== Segment start ==
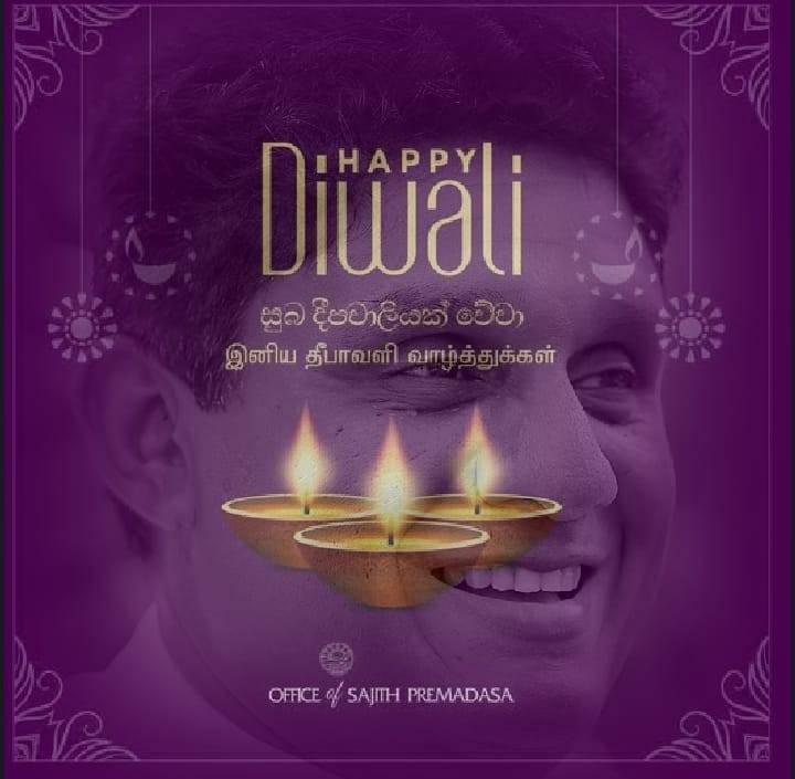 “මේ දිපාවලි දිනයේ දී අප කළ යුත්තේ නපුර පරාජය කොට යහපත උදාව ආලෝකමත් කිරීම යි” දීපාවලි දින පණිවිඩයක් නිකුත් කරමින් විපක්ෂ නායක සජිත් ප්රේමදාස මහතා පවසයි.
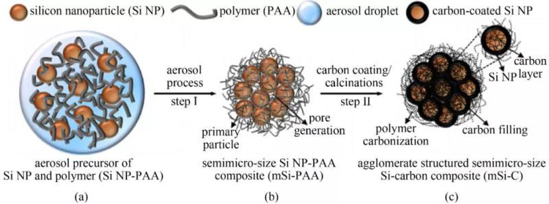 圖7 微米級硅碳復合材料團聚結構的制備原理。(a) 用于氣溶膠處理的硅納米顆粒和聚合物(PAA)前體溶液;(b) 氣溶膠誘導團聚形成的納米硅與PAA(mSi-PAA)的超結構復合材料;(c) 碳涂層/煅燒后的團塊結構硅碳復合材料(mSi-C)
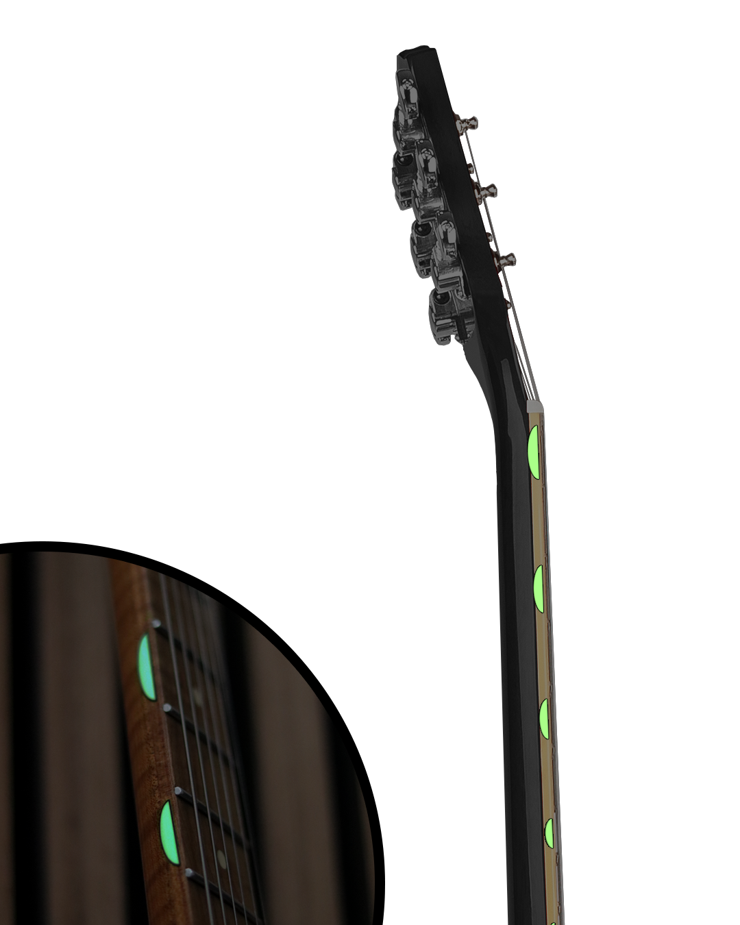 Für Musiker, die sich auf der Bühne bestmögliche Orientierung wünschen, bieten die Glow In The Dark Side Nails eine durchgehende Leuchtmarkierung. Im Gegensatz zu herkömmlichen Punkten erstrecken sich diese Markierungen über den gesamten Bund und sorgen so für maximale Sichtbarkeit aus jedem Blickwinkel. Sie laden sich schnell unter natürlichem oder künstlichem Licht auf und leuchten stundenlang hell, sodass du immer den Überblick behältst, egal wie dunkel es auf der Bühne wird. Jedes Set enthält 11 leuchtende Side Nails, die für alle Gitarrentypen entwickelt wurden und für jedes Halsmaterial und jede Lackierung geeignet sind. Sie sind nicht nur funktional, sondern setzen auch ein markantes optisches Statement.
== Segment end ==
== Segment start ==
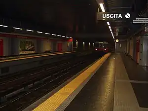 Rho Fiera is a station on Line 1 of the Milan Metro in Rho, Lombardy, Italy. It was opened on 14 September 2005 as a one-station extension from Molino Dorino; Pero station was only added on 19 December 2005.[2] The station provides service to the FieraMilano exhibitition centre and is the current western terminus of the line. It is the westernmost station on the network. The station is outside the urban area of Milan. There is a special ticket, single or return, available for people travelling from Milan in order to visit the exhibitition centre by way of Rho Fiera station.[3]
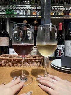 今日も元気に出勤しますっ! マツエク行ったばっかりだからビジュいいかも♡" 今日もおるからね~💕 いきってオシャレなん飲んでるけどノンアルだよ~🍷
== Segment end ==
== Segment start ==
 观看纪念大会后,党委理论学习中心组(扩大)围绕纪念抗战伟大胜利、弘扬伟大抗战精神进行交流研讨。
== Segment end ==
Repeat exactly the lines above, beginning at the one containing "圖7 微米級硅碳復合材料團聚結構的制備原理。(a) 用于氣溶膠處理的硅納米顆粒和聚合物(PAA)前體溶液;(b)" and ending at the one containing "Für Musiker, die". Do not carry over any pictures.

Exercise answer:
 圖7 微米級硅碳復合材料團聚結構的制備原理。(a) 用于氣溶膠處理的硅納米顆粒和聚合物(PAA)前體溶液;(b) 氣溶膠誘導團聚形成的納米硅與PAA(mSi-PAA)的超結構復合材料;(c) 碳涂層/煅燒后的團塊結構硅碳復合材料(mSi-C)
 Für Musiker, die sich auf der Bühne bestmögliche Orientierung wünschen, bieten die Glow In The Dark Side Nails eine durchgehende Leuchtmarkierung. Im Gegensatz zu herkömmlichen Punkten erstrecken sich diese Markierungen über den gesamten Bund und sorgen so für maximale Sichtbarkeit aus jedem Blickwinkel. Sie laden sich schnell unter natürlichem oder künstlichem Licht auf und leuchten stundenlang hell, sodass du immer den Überblick behältst, egal wie dunkel es auf der Bühne wird. Jedes Set enthält 11 leuchtende Side Nails, die für alle Gitarrentypen entwickelt wurden und für jedes Halsmaterial und jede Lackierung geeignet sind. Sie sind nicht nur funktional, sondern setzen auch ein markantes optisches Statement.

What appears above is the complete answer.